Although the behaviour is undefined by the standard, and may not be consistent from one run to another, clearly your program has done something. Apparently it didn't assign to index 0 at all (at least, not before the first print, which is understandable considering that the loop body happens before the last part of the "for"), so you got whatever just so happened to be in that raw memory when it was allocated to you. It assigned 1 to index 1 and so on.
This means that it may also have attempted to assign the value 5 to c[5], which is a class of bug known as a "buffer overrun", and more undefined behavior on top of what you've already got. Attempting to assign to it probably overwrites other memory, which on any given day may or may not contain something important.
The fix is to assign some value to c[0], and don't try to assign to c[5], which doesn't exist anyway, and don't try to invalidly use i "at the same time as" incrementing it. Normally you'd write this:
for (int i = 0; i < n; ++i) {
c[i] = i;
printf("%d \n", c[i];
}
If you're desperate for some reason to assign in the third clause of a for loop, you could use the comma operator to introduce a sequence point:
for (int i = 0; i < n; c[i] = i, ++i) {
}
But of course if you do that then you can't print the value of c[i] in the loop body. It hasn't been assigned yet, because the third clause isn't evaluated until the end of each loop.

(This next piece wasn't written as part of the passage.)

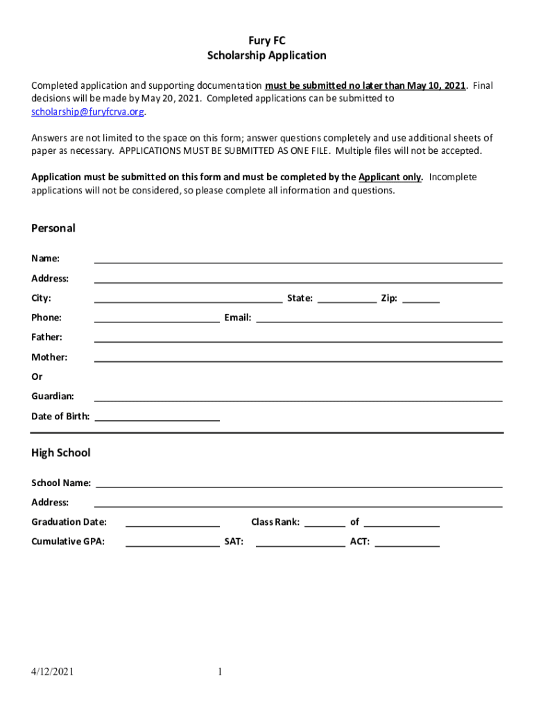 Fury FC Scholarship Application Completed application and supporting documentation must be submitted no later than May 10, 2021. Final decisions will be made by May 20, 2021. Completed applications

You could also try c[i] = i+1, ++i, but not ++i, c[i] = i because then we're back to trying to assign to c[5], on the last iteration.
First you need to understand that the last part of the for loop is executed at the end of each iteration, so the reason you see this:
-842150451 1 2 3 4
Is because you print c[0] before it is assigned, so the value could be anything. The rest falls into line as expected.

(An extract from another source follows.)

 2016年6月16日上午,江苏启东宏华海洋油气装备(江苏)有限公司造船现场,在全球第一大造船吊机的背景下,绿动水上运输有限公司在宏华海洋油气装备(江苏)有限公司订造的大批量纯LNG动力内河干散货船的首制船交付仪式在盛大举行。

Lesson; don't be sneaky and stuff things into the last part of the for loop like that. Make your code clear and simple:
for (int i = 0; i < n; ++i )
{
c[i] = i;
printf("%d \n", c[i]);
}
Firstly, you are claiming that you want to assign the values "within the condition of the loop". In for loop the condition is the second part of the header (i < n in your case). You are performing the assignment in the third part, which is not a condition. So, why are you saying that you want to assign the values within the condition, and yet not doing that?
Secondly, expressions like c[i] = i++ or c[i] = ++i do not have any defined behavior in C++ language. In C++ it is illegal to modify a variable and at the same time read it for any other purpose without an intervening sequence point. Yet, you are doing exactly that. There's no meaningful explanation for the behavior of your code. The behavior of your code is undefined. It can do anything for any random reason.
Thirdly, initializing anything in the for condition is generally not a good idea. Could you explain in more detail what you are trying to do and why? Without it it is hard to come up with anything meaningful.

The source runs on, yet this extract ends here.